Наш поэт через несколько дней после переворота написал торжественную оду в честь новой императрицы, причем порицал деяния Петра III. Но это стихотворение не достигло цели, и все первое время царствования Ломоносов оставался забытым. Вокруг него рассыпались щедрою рукою чины и денежные награды. Теплов получил двадцать тысяч рублей единовременно и чин действительного статского советника; теперь он являлся первым дельцом в кабинете императрицы и сочинял все манифесты и распоряжения ее. Тауберт тоже был произведен в действительные статские советники; не был забыт даже Елагин, тот самый, который под именем Балабана фигурировал в сатирических стихах Ломоносова. Самолюбие нашего ученого было всем этим сильно затронуто.
Первое время он сказывался больным, но не вытерпел, когда Тауберт распорядился, чтобы в канцелярии дела принимались к исполнению без его подписи: Ломоносов подал прошение на высочайшее имя. Здесь он прежде всего в сжатых, но сильных чертах описал свои труды на пользу наук и по устроению гимназии, университета и географического департамента; затем он выставил слабость здоровья, “лом в ногах и раны” как следствие его беспрерывных занятий; несмотря на все эти труды и ревностную службу, он оставался 12 лет в одном и том же чине, тогда как его сотоварищи были произведены и опередили его; в заключение Ломоносов, ссылаясь на слабость здоровья, просил императрицу совсем уволить его от службы, произведя, однако, в чин статского советника и назначив ему пожизненную пенсию в 1800 рублей.
При прошении он приложил список лиц, которые обошли его чином. Ясно, что Ломоносову хотелось получить именно это повышение, а вовсе не выходить в отставку.
С удовлетворением просьбы нашего ученого медлили. Он обратился за содействием к Федору Орлову, который просил за него у своего брата Григория.
Но, несмотря на все эти хлопоты, весь 1762 год Ломоносов оставался забытым. К оскорбленному самолюбию присоединилась болезнь, приковавшая его к постели.
1763 год начался для нашего академика с новой неприятности для него. Управление географическим департаментом по распоряжению графа Разумовского было передано историографу Мюллеру. Такое решение мотивировалось тем, что “от географического департамента уже несколько лет почти ничего нового к поправлению российской географии на свет не произведено”, чему причиной было “нерачение определенных при оном географическом департаменте; ибо, вместо того чтобы соединенными силами трудиться к общей пользе, один другому всякие препятствия делает”. Ломоносов не подчинился приказанию президента и представил подробный список всего того, что сделано было названным департаментом за время его управления.
Из этого столкновения Ломоносов вышел победителем: приказание президента не было приведено в исполнение и наш ученый управлял географическим департаментом до конца жизни.
Тем не менее тон представлений нашего писателя президенту после этого значительно изменился. Теперь вместо угроз, как бывало прежде, в его донесениях появились нижайшие просьбы “с достодолжным высокопочитанием”.
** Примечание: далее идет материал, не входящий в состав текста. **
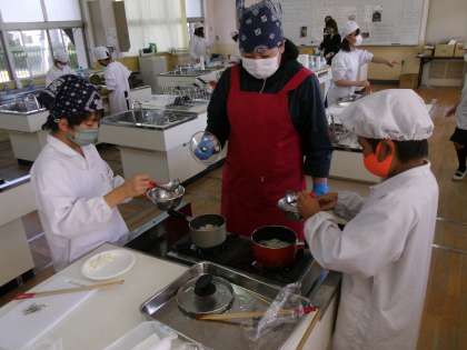 11日(金)に家庭科の調理実習で「みそ汁」を作りました。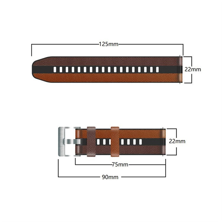 For Huawei Watch GT3/Huami Amazfit GTR3 Three Color Design 22mm Leather Coated Silicone Wrist Band Replacement Smartwatch Strap - Blue/Black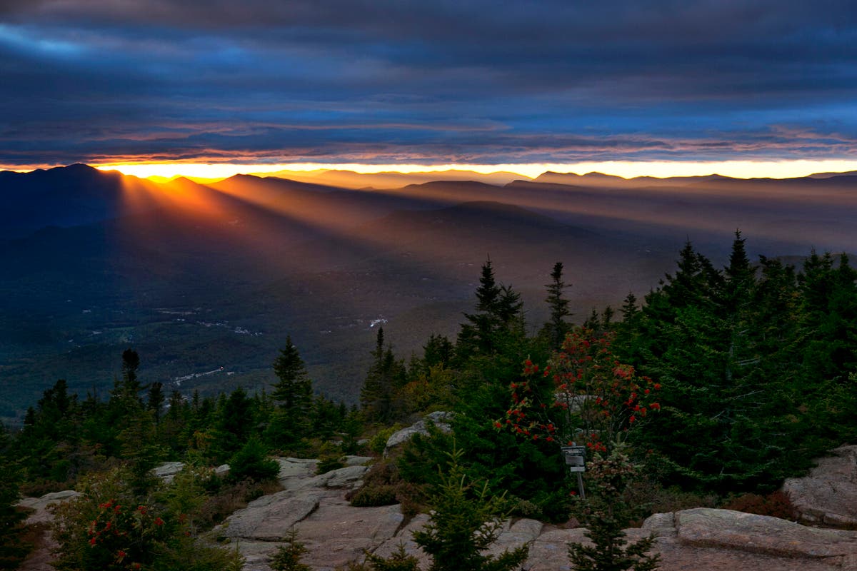 Photo: Sun rays spill through a gap between the clouds and the White Mountains as the skies begin to clear above Bartlett, New Hampshire, on Friday, Sept. 22, 2017. (Credit: Associated Press Photo/Robert F. Bukaty)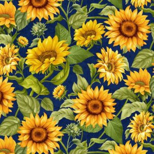 Timeless Treasures – Sunflower Farm Sunflower Garden Navy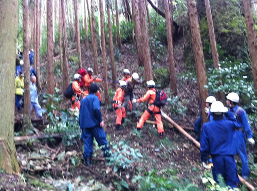 あとは山道を自分たち消防団が担架にのせて慎重に降りていきました。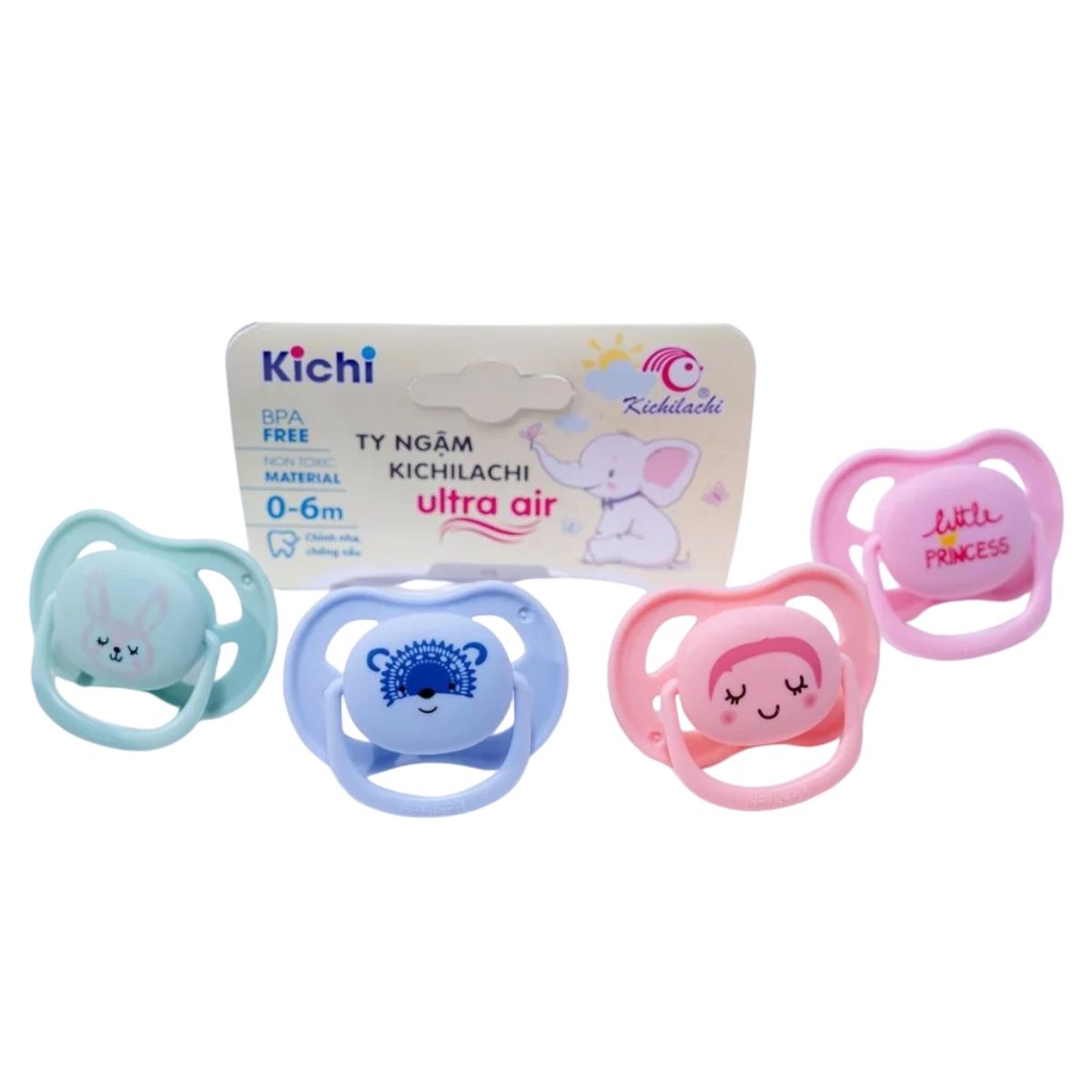 Sản phẩm Sét 2 ti giả, ti ngậm Kichi Ultra Air (không phát sáng) là lựa chọn an toàn và hiện đại cho bé. Được làm từ chất liệu silicon an toàn, sản phẩm này được thiết kế đặc biệt để giúp bé thoải mái hơn khi sử dụng.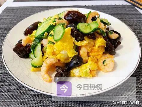 第五道,木耳黄瓜炒虾仁。这道菜口感非常清爽,适合追求清淡口味和减脂的朋友。鲜虾去壳挑去虾线,用一点盐、白胡椒粉和淀粉抓匀。黄瓜洗净切成薄片,木耳泡发。烧一锅水,先把虾仁快速焯烫至变色卷曲立刻捞出,这样能锁住虾的鲜嫩。炒锅里放少许油,下蒜末爆香,先放木耳翻炒,再下黄瓜片,因为黄瓜容易出水,要大火快炒。最后倒入焯好的虾仁,加盐和一点点蚝油调味,快速翻匀就出锅。虾仁的鲜甜,黄瓜的清爽,木耳的脆嫩,组合在一起是春天的味道,低脂高蛋白,吃多了也没负担。
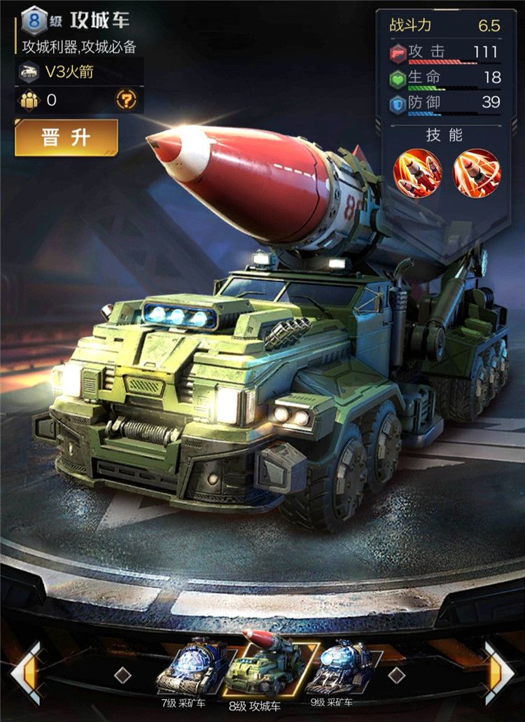 以上就是对攻城车的一些技巧分析。攻城车是一种高输出的兵种,同时也是后排兵种中最高血防的兵种,但它并不像主战坦克和突击步兵这些英雄一样,拥有倍伤等属性。指挥官们在出征的时候需要安排足够的扛伤害兵种,例如防御坦克,采矿车等等。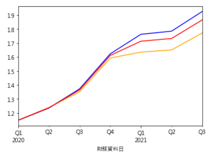 score = merge[positive_features].groupby(['財務資料日', '產業']).rank(pct=True).sum(axis = 1)rank = score.rank(pct = True) #總分再rankfilters = rank > 0.97(merge[filters].groupby('財務資料日').mean()['季報酬率 %']*0.01+1).cumprod().plot(color = 'blue')(merge[~filters].groupby('財務資料日').mean()['季報酬率 %']*0.01+1).cumprod().plot(color = 'orange')(merge.groupby('財務資料日').mean()['季報酬率 %']*0.01 + 1).cumprod().plot(color = 'red')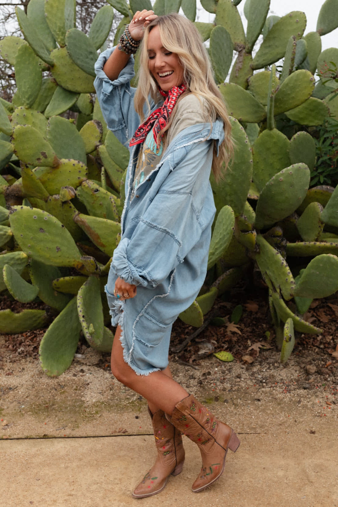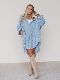 • Ophelia Oversized Denim Dress: Wear it open like a duster or buttoned up as a shirt dress—this piece does it all with its raw hemline, relaxed silhouette, and lived-in chambray texture.
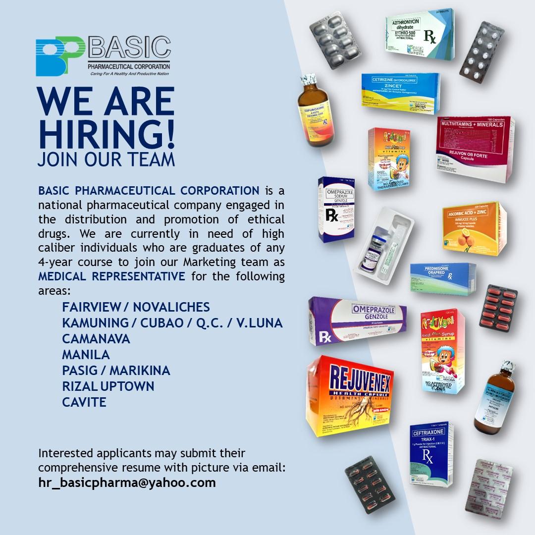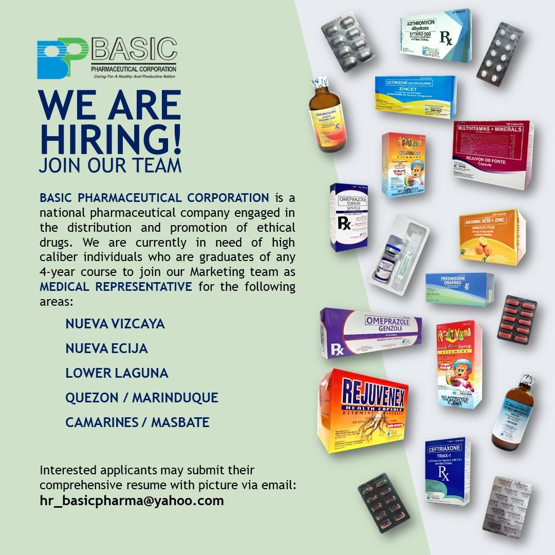 Luzon Team - Interested applicants may submit their comprehensive resume with picture via email: hr_basicpharma@yahoo.com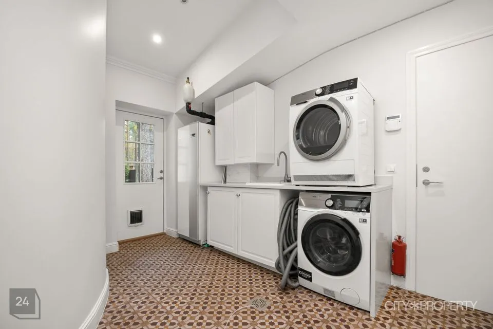 Kodu tehnosüsteemid on loodud mugavust ja ökonoomsust silmas pidades: tõhusat soojuse tootmist tagab NIBE maasoojuspump koos Uponori kütteautomaatikaga, mis juhib kogu maja katvat vesipõrandakütet ühtlase sooja ja madalate ülalpidamiskulude nimel. Siseõhu kvaliteedi hoiab stabiilsena ruumipõhine soojustagastusega ventilatsioon, mis mõõdab õhukvaliteeti ja tagab värske, tasakaalus sisekliima. Elutoas lisab hubasust ning akumuleerib soojust soojasalvestava korpusega kamin, mille looduskivist dekoor toob interjööri väärikat karakterit. Igapäevast mugavust täiendab kogu maja hõlmav kesktolmuimeja.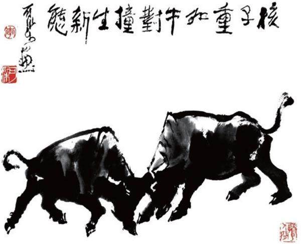 听了李政道对正负电子对撞机的原理的解释,李可染明白,粒子相撞会释放出巨大能量,并从中感受到科学的无穷威力。于是,他一改自己画牛的悠闲姿态的传统画风,用尽全力画了两头顶角的牯牛,“下笔时都能听见自己心脏在剧烈跳动的声音”,最终画出那幅《核子重如牛,对撞生新态》。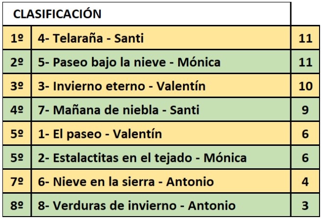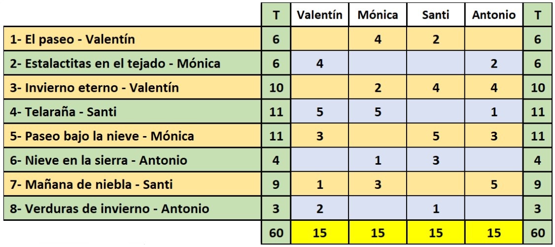 VOTACIÓN POR PUNTOS DE LOS PARTICIPANTES: este sistema es el sistema habitual de votaciones que siempre hemos utilizado. Para agilizar la resolución del mismo la votación debe enviarse a 12meses12fotosasfocal@gmail.com junto con el nombre de cada participante, en los 5 días siguientes al 28 de cada mes, que es cuando se cierra cada convocatoria (a las 23:59). Todos los participantes están obligados a votar dentro del plazo indicado, siendo eliminado de la convocatoria de ese mes si no lo hace y los puntos que le hayan otorgado serán retirados y no computarán. Se otorgarán 5, 4, 3, 2 y 1 punto a las cinco mejores fotos según vuestro criterio de entre todas las presentadas, entendiendo el ‘5’ como la mejor foto y el ‘1’ como la menos valorada. En caso de empate a puntos de dos o mas fotografias, ganará la que mayor número de puntuaciones altas haya obtenido. Todas las fotos estarán numeradas correlativamente e irán acompañadas del título de la misma, si el autor ha titulado la obra.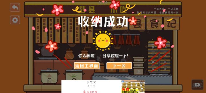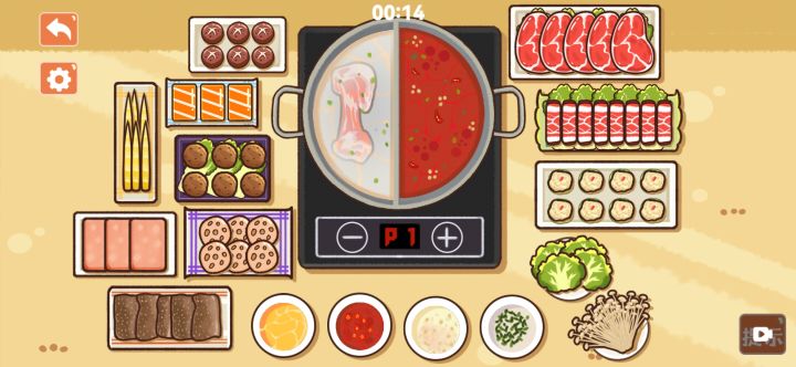 ——“来一份福建料理” tips ①右边的蒸笼要按字的顺序排,从下到上为莎县烧麦/芋饺 ②两个大锅和中间三个小锅,需要放满食材才可以盖上盖子 ③右边的铁锅需要放入左右两把勺 ④右边两个大锅,左边放鹌鹑蛋,右边放豆腐 ⑤美观考虑可以把上面的牌子,按照五短五长来排
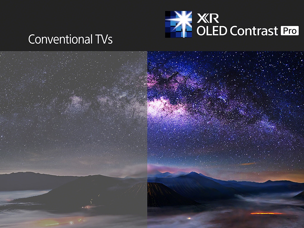 Pairing our OLED panel with XR OLED Contrast Pro, this TV boosts colour and contrast in bright areas so you can enjoy unprecedented pure blacks and peak brightness. Combined with Cognitive Processor XR, it enhances pictures in the same way as your eyes focus so you won't miss a single detail in dazzling light or deep.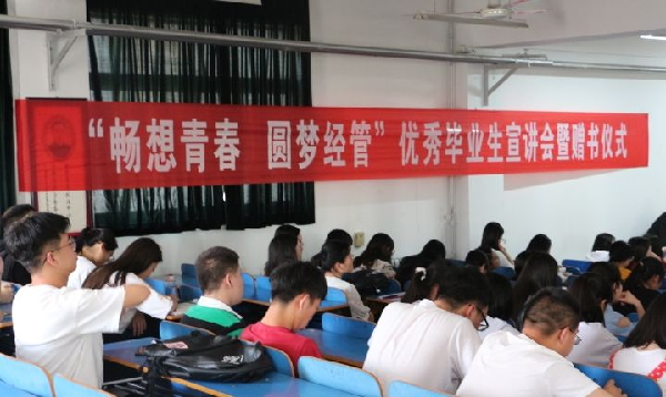 6月12日,我院召开“畅想青春,圆梦经管”优秀毕业生宣讲会暨赠书仪式。学院党委副书记赵丽、学工办主任李静、辅导员李亚峰、陈萌、王梅,刘雨、杨鑫、冯小军等8位优秀毕业生代表及大一、大三年级近300余人参与此次活动。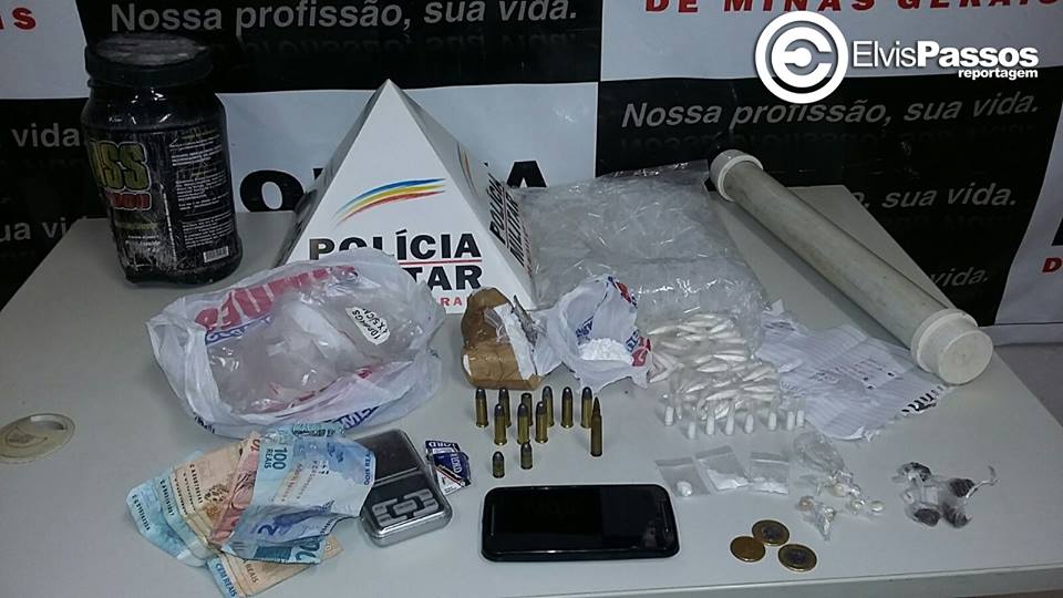 Com autorização dos familiares, foi realizada buscas no interior da residência do menor G.P.A., de 14 anos, porém nada foi encontrado. Porém, na casa do outro envolvido, P.H.C., de 15 anos, foi encontrado em um dos quartos da casa, pertencente ao tio do menor três papelotes de cocaína, um saco plástico contendo vários eppendorf (pinos) vazios e vários saquinhos usados para embalar entorpecentes, um tubo plástico em PVC que é usado para acondicionar drogas, contendo vários saquinhos de geladinho, a quantia em dinheiro de R$ 400 em dinheiro, um pedaço de folha de papel contendo anotações da contabilidade do tráfico de drogas e a inscrição do nº de celular (33) 87131681, um cartucho intacto de munição de calibre restrito 223, similar ao calibre 556. Em continuação às buscas, no quintal do imóvel, foi localizado um recipiente plástico com cinco saquinhos de geladinho, que continham, cada um, 15 pinos de cocaína, totalizando 75 pinos de cocaína, uma pedra de cocaína com aproximadamente 170 gramas e uma porção de cocaína em pó com aproximadamente 300 gramas. No interior de um fogão existente no imóvel foram localizados nove cartuchos 38 intactos, dois cartuchos calibre 380 intactos e uma balança de precisão. Os adolescentes foram detidos e conduzidos à delegacia, juntamente com o material apreendido durante a operação.

Зато в сношениях с академиками Ломоносов продолжал держать себя заносчиво и подчас очень грубо. Все эти ссоры и пререкания повели за собой приказ президента, который рекомендовал членам канцелярии оставить споры и приступить к делу. Вскоре после этого, а именно 2 мая 1763 года, Екатерина II подписала указ об отставке нашего академика.
Ломоносов узнал об этом указе только 15 мая.
В тот же день он, отказавшись подписывать бумаги, уехал из Петербурга в свои поместья. Все враги его, а особливо знаменитый Мюллер, ликовали; но им не пришлось долго радоваться. Вследствие каких-то до сих пор неразъясненных причин Екатерина II отменила указ об отставке Ломоносова, и он вскоре опять появился в академической канцелярии, причем, конечно, снова начались обычные препирательства.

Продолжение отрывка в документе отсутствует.